## WORK TO COMPLETE
In the records below, the line that contains "为全面掌握中层干部任期内履职" marks the start. Copy it and each line after it through the end, exactly, without pictures.

## EXCERPTED RECORDS

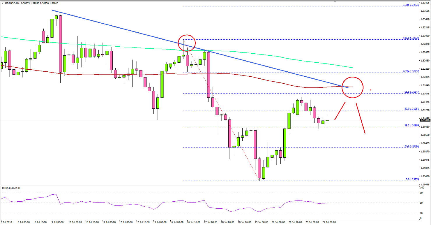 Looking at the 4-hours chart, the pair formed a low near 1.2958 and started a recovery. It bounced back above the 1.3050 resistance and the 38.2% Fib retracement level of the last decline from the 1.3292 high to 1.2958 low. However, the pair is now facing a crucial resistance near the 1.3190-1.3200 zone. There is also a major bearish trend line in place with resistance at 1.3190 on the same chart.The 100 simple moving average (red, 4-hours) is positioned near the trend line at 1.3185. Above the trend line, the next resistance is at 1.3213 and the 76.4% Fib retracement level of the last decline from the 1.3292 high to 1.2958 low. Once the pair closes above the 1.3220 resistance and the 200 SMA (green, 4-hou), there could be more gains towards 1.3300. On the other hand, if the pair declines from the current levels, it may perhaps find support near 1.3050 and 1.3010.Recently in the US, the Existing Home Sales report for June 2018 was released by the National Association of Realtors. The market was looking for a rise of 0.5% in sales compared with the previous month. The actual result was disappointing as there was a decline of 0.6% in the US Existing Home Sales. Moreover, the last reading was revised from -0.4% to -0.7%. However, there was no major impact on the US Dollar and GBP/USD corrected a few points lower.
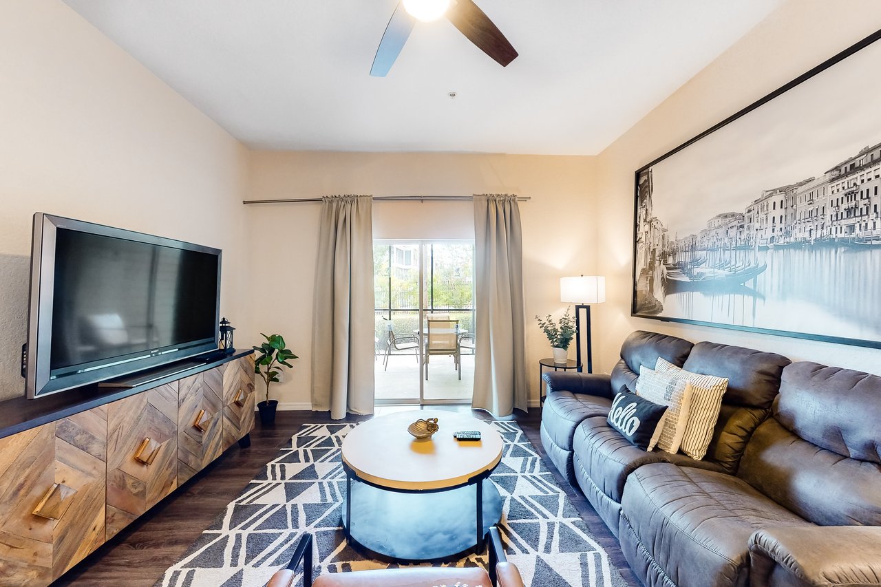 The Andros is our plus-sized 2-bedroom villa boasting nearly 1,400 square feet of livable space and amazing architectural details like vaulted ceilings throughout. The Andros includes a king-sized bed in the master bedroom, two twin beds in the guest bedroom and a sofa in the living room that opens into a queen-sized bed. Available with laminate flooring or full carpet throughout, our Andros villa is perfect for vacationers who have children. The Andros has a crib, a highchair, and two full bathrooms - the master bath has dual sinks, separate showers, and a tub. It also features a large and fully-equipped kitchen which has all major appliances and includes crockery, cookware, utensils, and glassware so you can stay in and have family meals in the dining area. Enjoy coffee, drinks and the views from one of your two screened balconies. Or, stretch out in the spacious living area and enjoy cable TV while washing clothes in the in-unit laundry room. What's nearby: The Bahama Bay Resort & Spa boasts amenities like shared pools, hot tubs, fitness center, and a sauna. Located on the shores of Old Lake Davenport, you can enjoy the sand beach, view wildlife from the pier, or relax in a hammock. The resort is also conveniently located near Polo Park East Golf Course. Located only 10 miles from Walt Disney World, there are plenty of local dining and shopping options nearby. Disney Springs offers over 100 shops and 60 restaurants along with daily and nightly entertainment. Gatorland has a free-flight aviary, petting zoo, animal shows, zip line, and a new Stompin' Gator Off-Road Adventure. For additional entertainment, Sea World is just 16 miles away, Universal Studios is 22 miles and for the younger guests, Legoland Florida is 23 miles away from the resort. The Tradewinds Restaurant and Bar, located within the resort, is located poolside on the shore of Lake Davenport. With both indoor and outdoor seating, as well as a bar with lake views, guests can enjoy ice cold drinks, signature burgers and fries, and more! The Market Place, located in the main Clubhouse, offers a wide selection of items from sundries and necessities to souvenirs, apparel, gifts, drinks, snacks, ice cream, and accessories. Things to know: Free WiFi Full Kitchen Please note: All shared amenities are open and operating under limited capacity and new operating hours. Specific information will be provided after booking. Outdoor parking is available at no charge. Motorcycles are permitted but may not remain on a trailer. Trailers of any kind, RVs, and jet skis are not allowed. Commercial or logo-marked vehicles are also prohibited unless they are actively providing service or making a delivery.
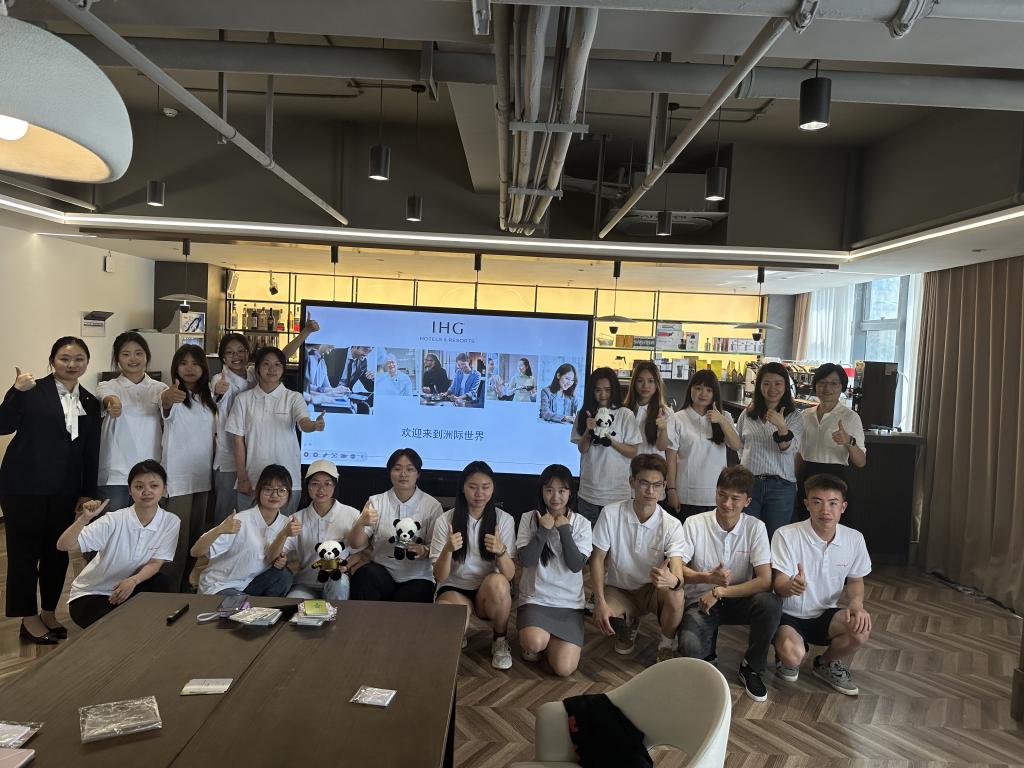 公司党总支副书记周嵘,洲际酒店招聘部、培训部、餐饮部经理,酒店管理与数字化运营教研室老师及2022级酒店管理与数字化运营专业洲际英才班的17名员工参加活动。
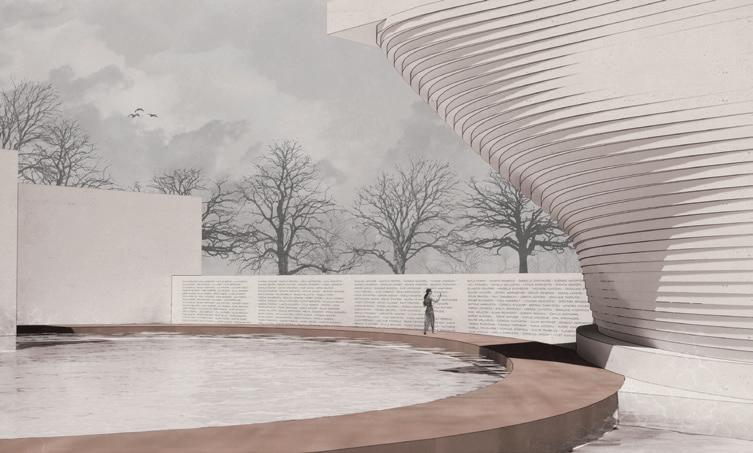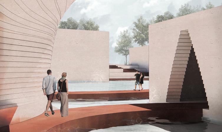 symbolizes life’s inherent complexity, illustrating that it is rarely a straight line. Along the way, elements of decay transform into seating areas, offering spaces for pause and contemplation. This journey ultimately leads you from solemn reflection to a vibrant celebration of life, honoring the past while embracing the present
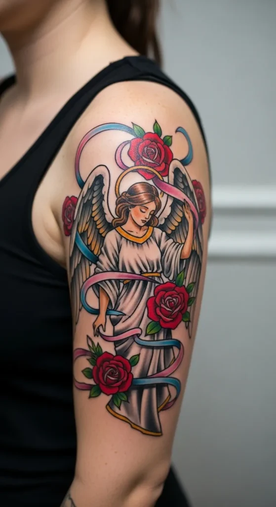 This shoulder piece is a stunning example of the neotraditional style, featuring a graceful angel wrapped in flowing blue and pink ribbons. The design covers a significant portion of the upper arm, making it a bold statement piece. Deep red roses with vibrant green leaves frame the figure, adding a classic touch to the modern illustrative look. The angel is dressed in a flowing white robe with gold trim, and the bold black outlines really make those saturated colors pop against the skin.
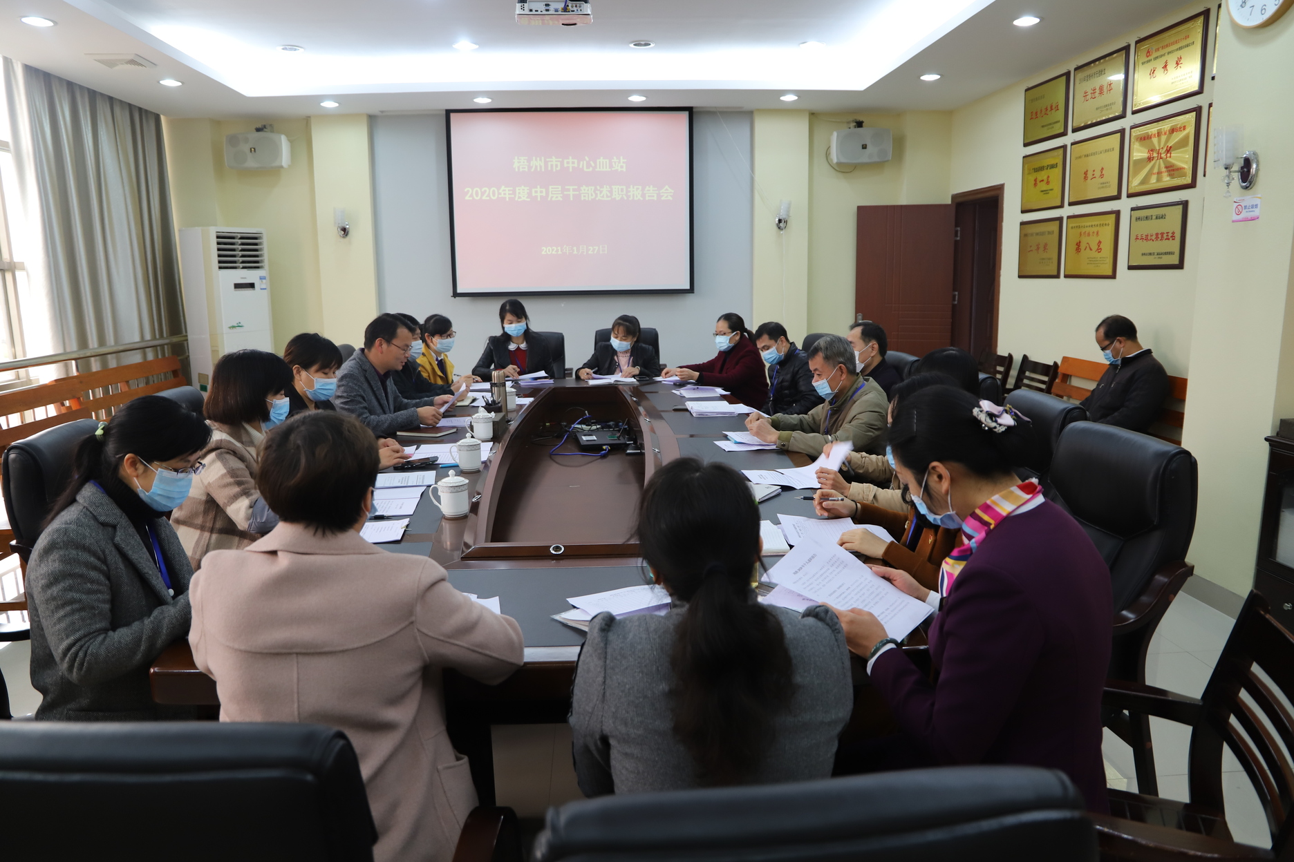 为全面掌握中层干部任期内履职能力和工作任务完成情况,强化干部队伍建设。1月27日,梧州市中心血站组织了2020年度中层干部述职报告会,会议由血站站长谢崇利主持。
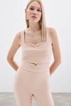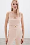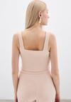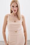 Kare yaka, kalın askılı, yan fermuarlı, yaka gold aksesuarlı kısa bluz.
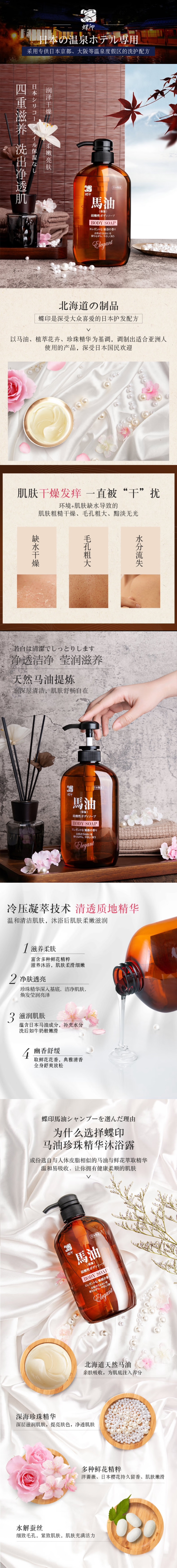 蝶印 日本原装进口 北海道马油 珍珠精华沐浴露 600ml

## ANSWER TO THIS TASK
 为全面掌握中层干部任期内履职能力和工作任务完成情况,强化干部队伍建设。1月27日,梧州市中心血站组织了2020年度中层干部述职报告会,会议由血站站长谢崇利主持。
 Kare yaka, kalın askılı, yan fermuarlı, yaka gold aksesuarlı kısa bluz.
 蝶印 日本原装进口 北海道马油 珍珠精华沐浴露 600ml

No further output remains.